He has served in various operational and staff assignments, including commander of US Air Force Forces deployed to Middle East locations under the United States Central Command; where, from 1995 to 2006, he was mobilized and deployed to Bosnia, Kosovo, Kuwait, Iraq, Jordan, Oman, and Pakistan. He has commanded a squadron, operations group, and fighter wing.

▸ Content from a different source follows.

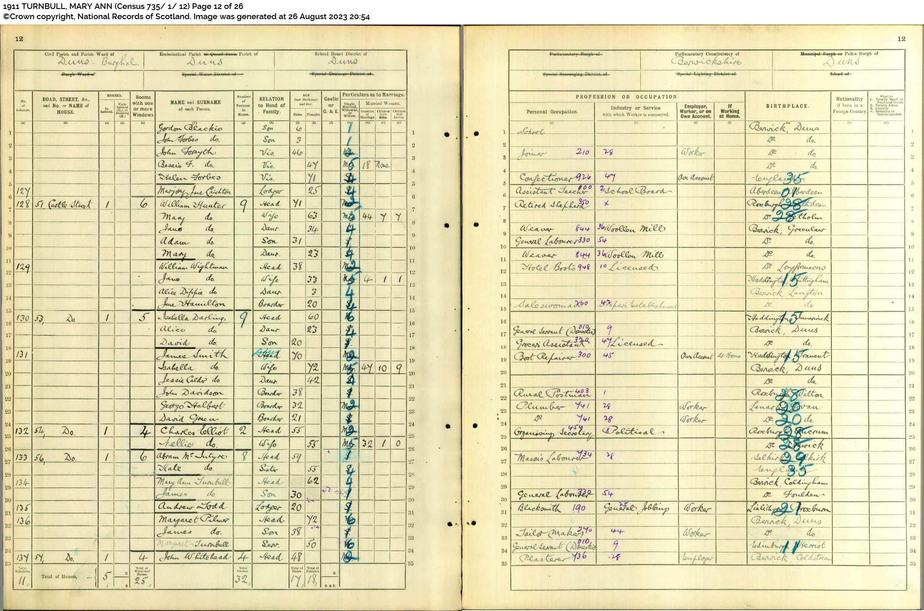 1911 TURNBULL, MARY ANN & JAMES (Census 735 1 12) Page 12 of 26 (ScotlandsPeople)

He previously served as the assistant adjutant general for air, and commander of Massachusetts Air National Guard, chairman of the Air Guard Force Structure and Modernization committee of the Adjutants General Association of the United States (AGAUS), as the association's secretary, as a member of the Reserve Forces Policy Board for the Department of Defense, and has served on several General Officer Steering Committees for the National Guard.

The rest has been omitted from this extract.